■ Prompt ■
The answer is the exact run of lines in the listing below from the line containing "2021年6月8日污水排放监测数据公告" up to and including the line containing "Øv på å kle", with pictures removed.

■ Extracted entries ■
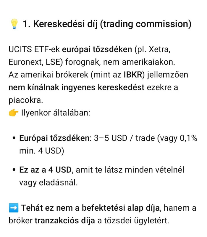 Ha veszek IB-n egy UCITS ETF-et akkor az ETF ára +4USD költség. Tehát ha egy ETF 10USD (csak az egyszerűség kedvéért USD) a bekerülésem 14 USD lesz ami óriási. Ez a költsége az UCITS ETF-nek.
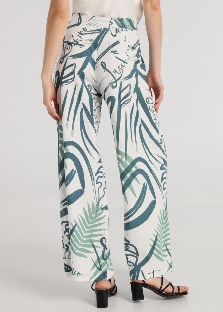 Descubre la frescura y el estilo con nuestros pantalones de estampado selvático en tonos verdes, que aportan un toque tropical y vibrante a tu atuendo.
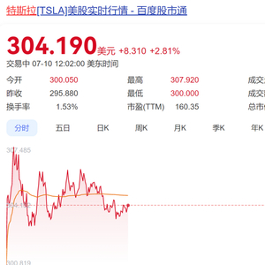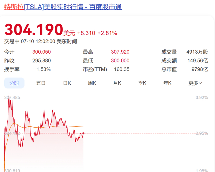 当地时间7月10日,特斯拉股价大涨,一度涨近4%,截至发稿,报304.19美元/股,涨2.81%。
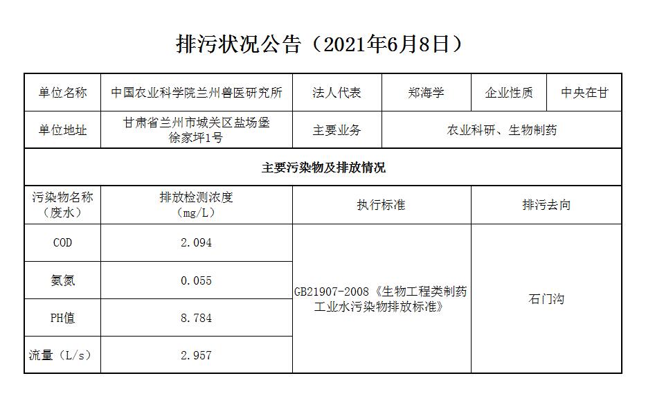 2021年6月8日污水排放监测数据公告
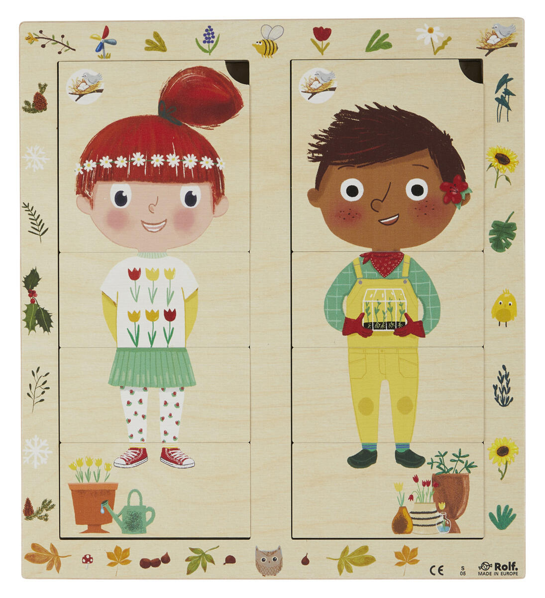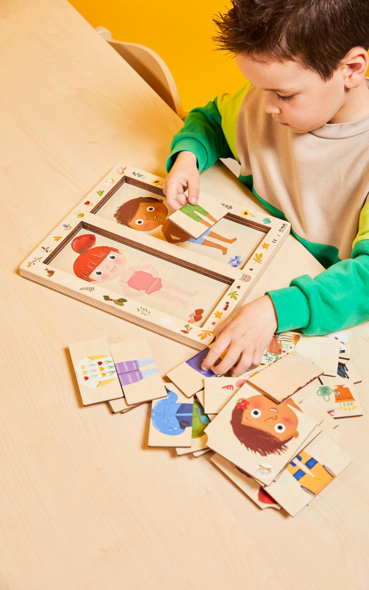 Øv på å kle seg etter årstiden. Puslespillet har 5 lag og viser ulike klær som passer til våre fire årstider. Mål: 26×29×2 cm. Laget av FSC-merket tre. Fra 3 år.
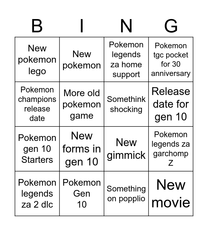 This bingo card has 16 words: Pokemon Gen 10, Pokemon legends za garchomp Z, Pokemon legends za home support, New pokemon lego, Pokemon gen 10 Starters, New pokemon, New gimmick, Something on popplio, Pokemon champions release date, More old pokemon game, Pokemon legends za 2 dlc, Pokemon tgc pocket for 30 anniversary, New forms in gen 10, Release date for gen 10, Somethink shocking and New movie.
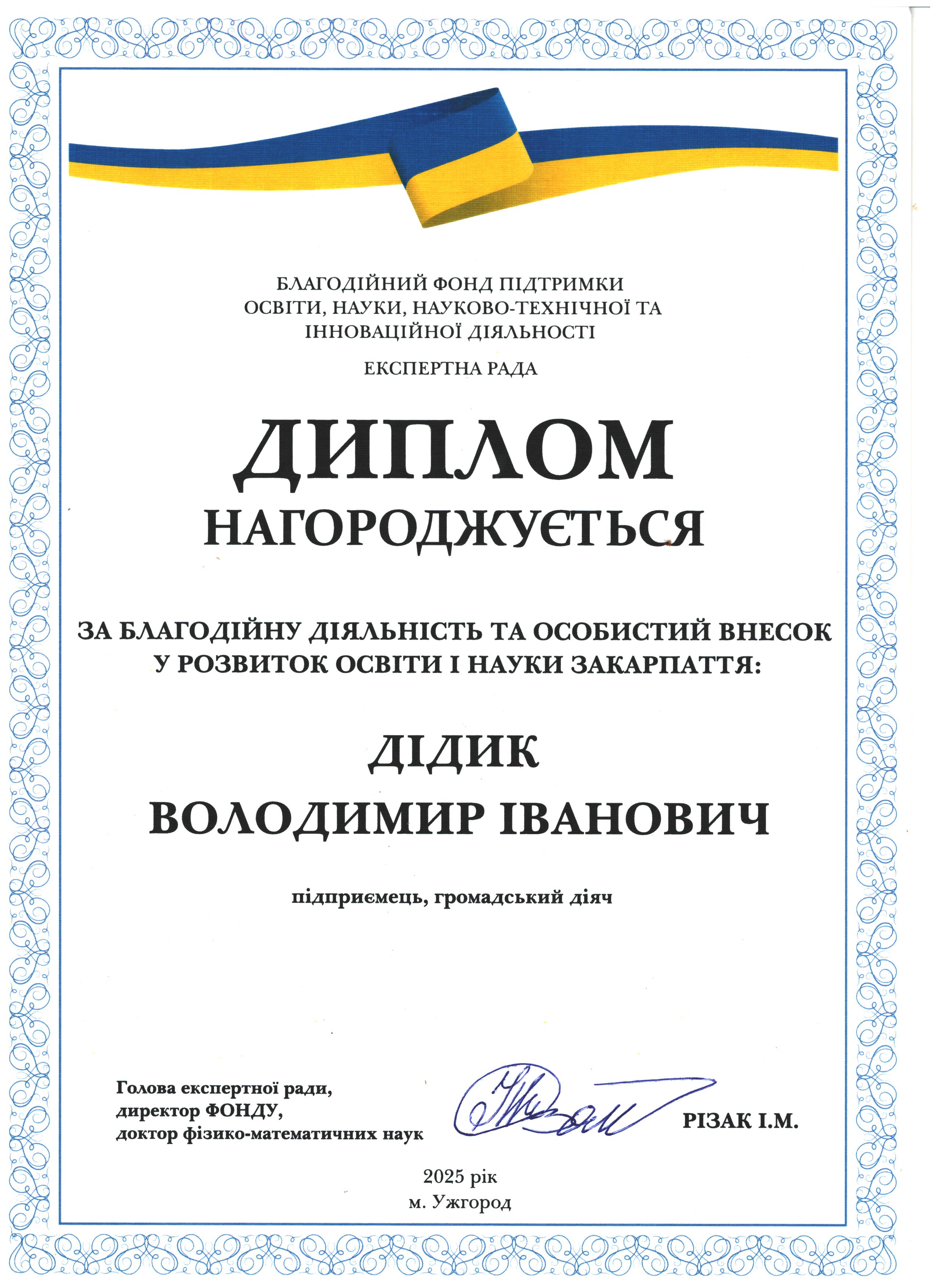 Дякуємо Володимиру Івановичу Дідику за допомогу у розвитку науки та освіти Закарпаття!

==

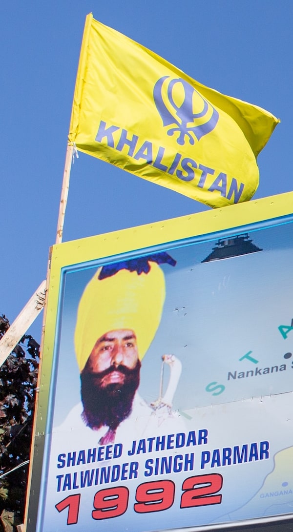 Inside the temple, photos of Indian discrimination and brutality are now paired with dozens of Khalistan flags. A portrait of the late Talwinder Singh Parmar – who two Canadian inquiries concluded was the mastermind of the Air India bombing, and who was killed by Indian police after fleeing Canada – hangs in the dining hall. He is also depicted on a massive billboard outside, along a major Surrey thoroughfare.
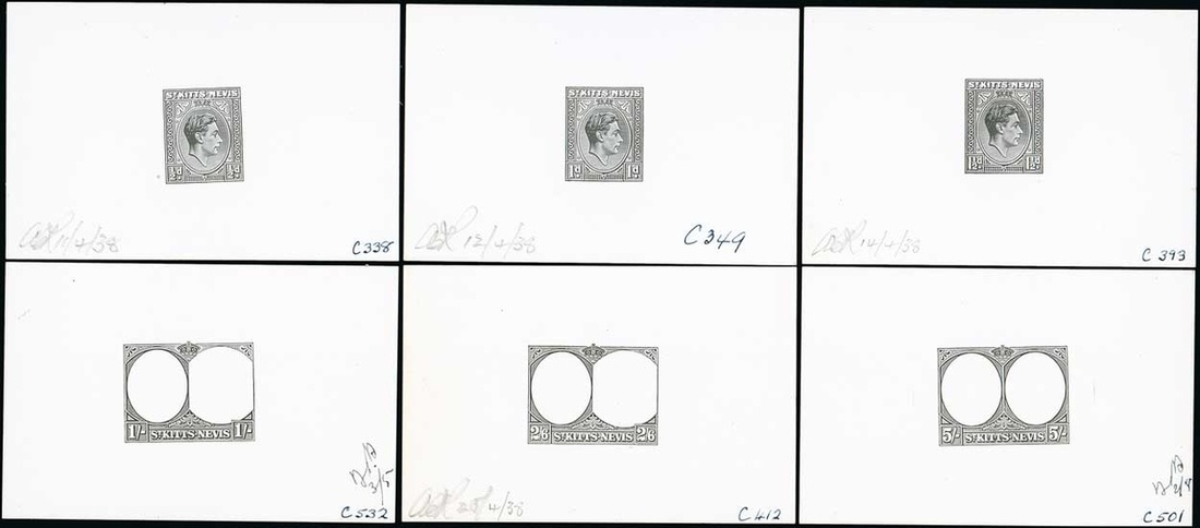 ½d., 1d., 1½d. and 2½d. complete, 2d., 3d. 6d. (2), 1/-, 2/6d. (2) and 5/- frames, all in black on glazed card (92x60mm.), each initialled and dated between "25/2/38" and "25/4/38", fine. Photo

■ Task solution ■
 2021年6月8日污水排放监测数据公告
 Øv på å kle seg etter årstiden. Puslespillet har 5 lag og viser ulike klær som passer til våre fire årstider. Mål: 26×29×2 cm. Laget av FSC-merket tre. Fra 3 år.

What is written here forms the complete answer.